This was a Blueshirt tour de force, the victory earned off a pair of power-play goals, with one scored by Chris Kreider; (another) outstanding performance by Igor Shesterkin; a momentum-defining huge hit delivered by Jacob Trouba; and a team-wide commitment to competing and defending.

Check this out: in the first period in which the Rangers seized a 2-0 lead on PPGs from Adam Fox at 3:40 and Kreider at 8:00 in scoring on two of the club’s first shots, the Blueshirts were credited with eight blocks to Carolina’s one. And after the second period in which Ryan Strome increased the lead to 3-0 with his club’s first five-on-five goal in 212:54 of hockey in Raleigh, the blocks were 16-6 in New York’s favor.

Rangers
The Rangers celebrate their Game 7 win over the Hurricanes on Monday.
Corey Sipkin

Black-and-Blueshirts, The Sequel.

This was the second time within the last 10 tournaments that the Rangers won a Game 7 on the road after home teams had won the first six matches of a series. Chris Kreider can tell you about the first time, the 2013 first round against the Caps in which he had an assist on Arron Asham’s game-opening goal in the Blueshirts’ 5-0 victory in D.C.

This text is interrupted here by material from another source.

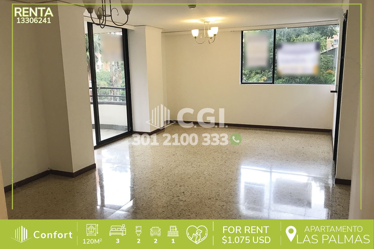 133-06-241 Apartamento disponible para la renta ubicado en tranquilo sector de Las Palmas en El Poblado, este cuenta con 120 m² distribuidos en espaciosa sala comedor, balcón, cocina semi integral con iluminación completa, zona de ropas, terraza, 3 habitaciones (una con baño privado y vestier), 2 clósets, baño social, habitación de servicio con baño privado y 2 parqueaderos, con vigilancia 24/7 y zonas comunes como salón social y espacio de acondicionamiento físico. A sus alrededores se encuentra el Country Club, el restaurante Hato Viejo y el Túnel de Oriente, además, cuenta con acceso a rutas de acceso como la Avenida Las Palmas y una amplia variedad de rutas de transporte público. CONFORT GESTORES INMOBILIARIOS – Arriendo en El Poblado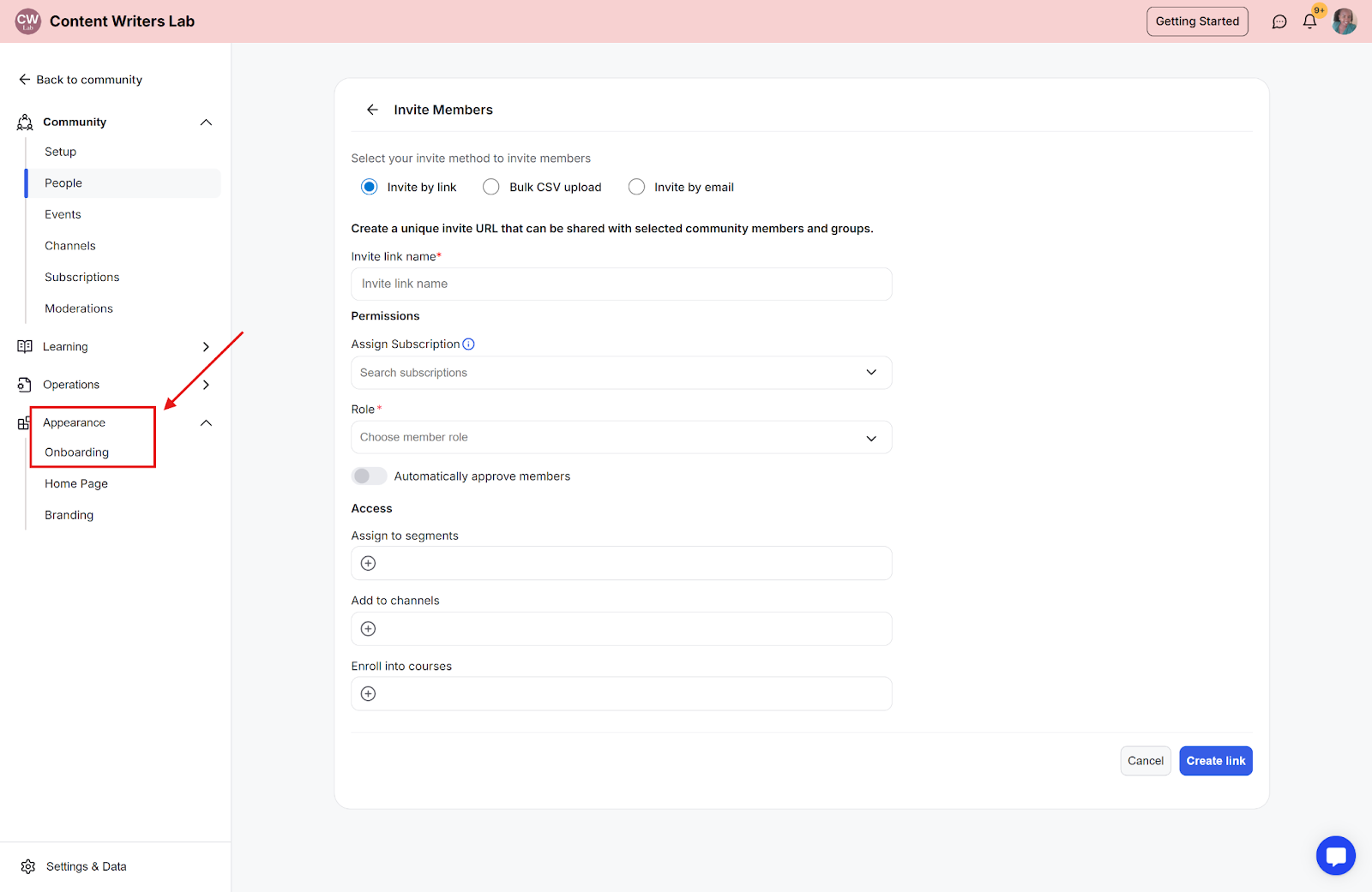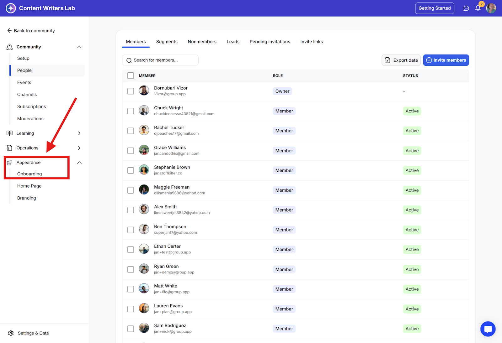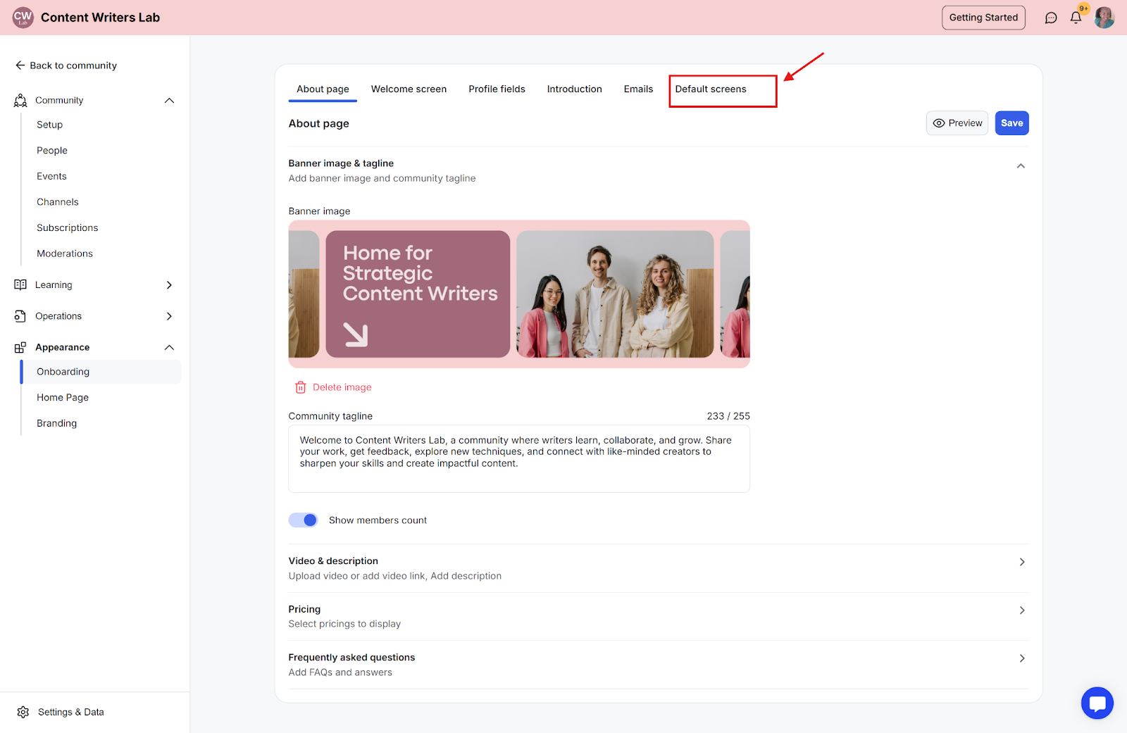 Step 2: In the side navigation menu, click Appearance and then select Onboarding.

And of course Kreider is the lone Ranger remaining from the 2015 team that was upset by ascending Tampa Bay in a seven-game series capped by the Lightning’s 2-0 victory at the Garden.

That was a series in which Marty St. Louis and Ryan Callahan opposed each other but somehow in the wrong uniforms. The franchises are tied together by that captains trade and by the one at the 2018 deadline in which Ryan McDonagh and J.T. Miller were sent to Tampa Bay for what has amounted to be a negligible return.

Miller is no longer a member of the Lightning but McDonagh is part of the core of the Lightning team that has won 10 straight playoff series, a mark equaled by the 1956-60 Canadiens and exceeded by only the 1976-79 Canadiens, who won 13 straight, and the 1980-84 Islanders, who won 19 straight series en route to four consecutive Cups.

This is the caliber of opponent the Blueshirts will now confront. The caliber of goaltender the Blueshirts will face in this one will be far different than the first two rounds, to state the obvious. It will be Andrei Vasilevskiy, not Antti Raanta, not Pyotr Kochetkov, not Louis Domingue, not Casey DeSmith, not Tristan Jarry.

Rangers
Igor Shesterkin makes a save during Game 7.
Corey Sipkin

The Rangers will be challenging and will be challenged by history.

And by greatness.

Who knows if this is going any further? Who knows if this team could pull off what would be considered one of the massive upsets in semifinal/conference finals history? The 1979 Ooooh-La-La team finished 25 points behind the Islanders before pulling their shocking six-game upset victory in the semis. But those were the Islanders BG — Before Goring. They hadn’t won anything.

The Rangers and Lightning each recorded 110 points during the season. The Blueshirts had the edge in victories 52-51 but the reason they have home ice is because of their 44-39 edge in regulation-time victories. Still, in this instance the numbers do seem to lie.

There was all this talk the last couple of years about whether the Rangers were ahead of schedule on their rebuild that was announced in February of 2018 and affected through a pair of painful trade deadlines, deals for the future, multiple first-round draft selections and lottery luck.

The rebuild, though, veered into the express lane with the signing of free agent Artemi Panarin and the acquisition of and contract extension for Jacob Trouba. Adam Fox’s single-mindedness to play for the Rangers sort of helped. So did the fact that Igor Shesterkin brought his star with him from Moscow to Broadway.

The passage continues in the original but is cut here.